Diversifier les interventions, cibler les 1 000 premiers jours
« Malgré les quelques améliorations, notamment dans les pays à revenu moyen, les progrès restent trop lents quant aux retards de croissance et à l'émaciation des enfants », regrette le Pr Cesar Victora, auteur principal du premier article de la série (International Center for Equity in Health, Université fédérale de Pelotas, Brésil). Et de fait, les objectifs fixés par l'Organisation mondiale de la santé (OMS) pour 2025 d'une réduction de moitié des retards de croissance, ou pour 2030, dans le cadre des objectifs du développement durable, risquent de n'être pas atteints.

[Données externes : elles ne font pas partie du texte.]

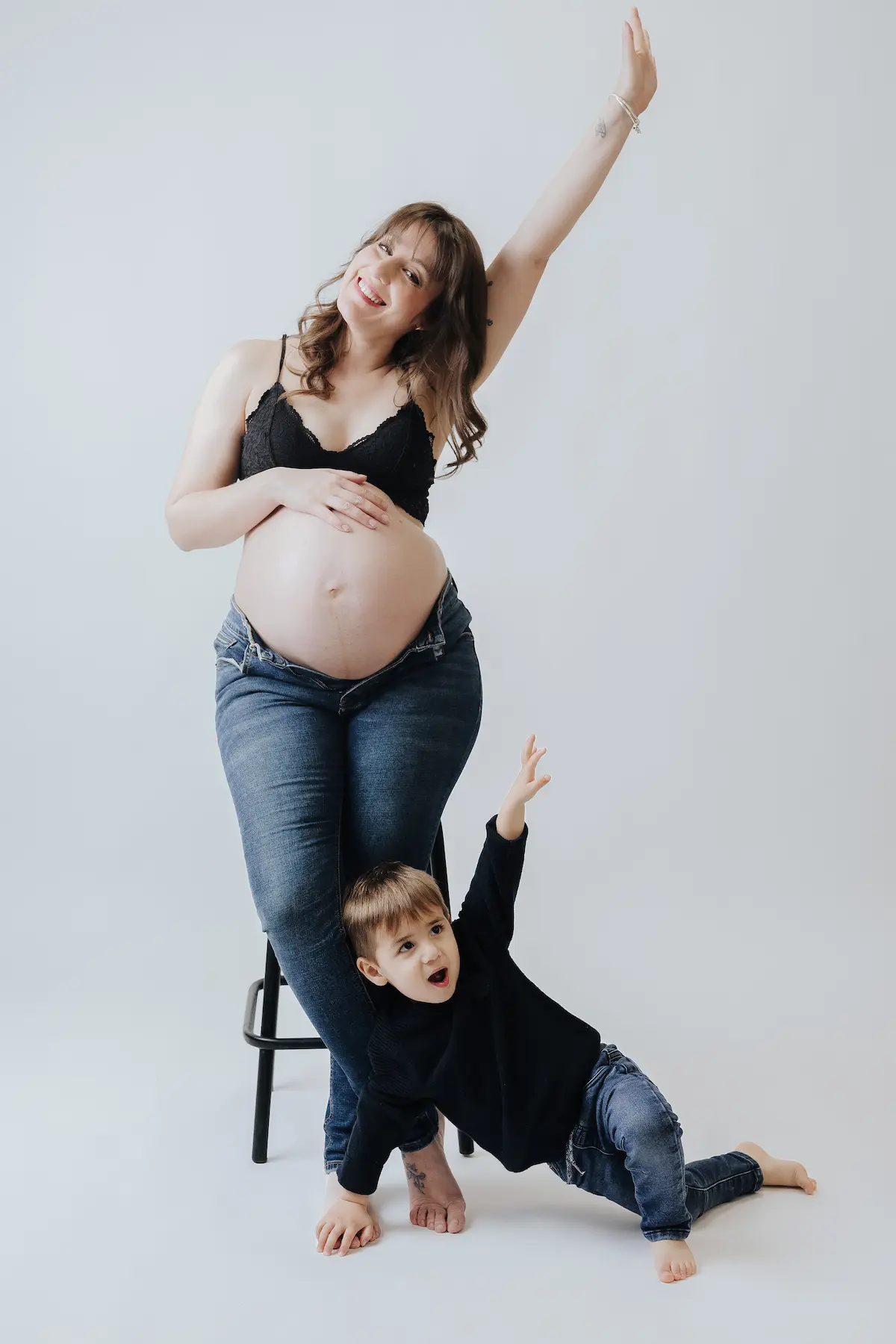 La sesión premamá en estudio de Santy, junto a su marido y su hijo, fue un retrato lleno de elegancia y emociones. En un ambiente cuidado y con una iluminación suave, capturamos esa serenidad especial que se respira cuando la familia espera la llegada de Jade, la nueva hermanita.

Par rapport aux interventions déjà en cours, les auteurs d'un deuxième article appellent à concentrer les actions dans la période des 1 000 premiers jours de l'enfant. L'accent doit notamment être mis sur la supplémentation anténatale de multiples nutriments (acide folique, fer, etc.), pour prévenir les complications de la grossesse et de la naissance et améliorer la santé maternelle. Le recours préventif à une petite quantité de supplémentation en nutriments basée sur les lipides s'est aussi révélé efficace pour réduire les conséquences de la malnutrition chez les enfants de 6 à 23 mois.
Le « Lancet » souligne l'importance de jouer sur tous les leviers d'action, au-delà des interventions strictement sanitaires, afin de toucher l'ensemble des publics concernés, notamment lorsqu'ils sont éloignés des systèmes de santé. Concrètement, des interventions directes (supplémentation vitaminique, conseils autour de l'allaitement), doivent être couplées à des interventions indirectes (planning familial, promotion de l'hygiène, politiques agricoles, lutte contre la pauvreté, etc.) pour agir sur tous les déterminants de la malnutrition. Par exemple, des conseils en nutrition ou du soutien psychosocial peuvent être prodigués à la fois par du personnel soignant, à domicile, et par des pairs, c’est-à-dire des groupes de mères, ainsi qu'à travers les médias communautaires ou la téléphonie mobile.
Une telle politique intersectorielle suppose néanmoins de savoir prioriser les objectifs, et donc, d'avoir des outils de surveillance et de recueil des données robustes. Et de savoir comment, de façon pragmatique, financer les urgences et allouer au mieux les ressources (d'autant plus rares avec la crise pandémique) vers les actions qui auront le plus d'efficacité. Autant de sujets qui devraient être au cœur des discussions du sommet « Nutrition for growth », qui se tiendra au Japon en décembre prochain.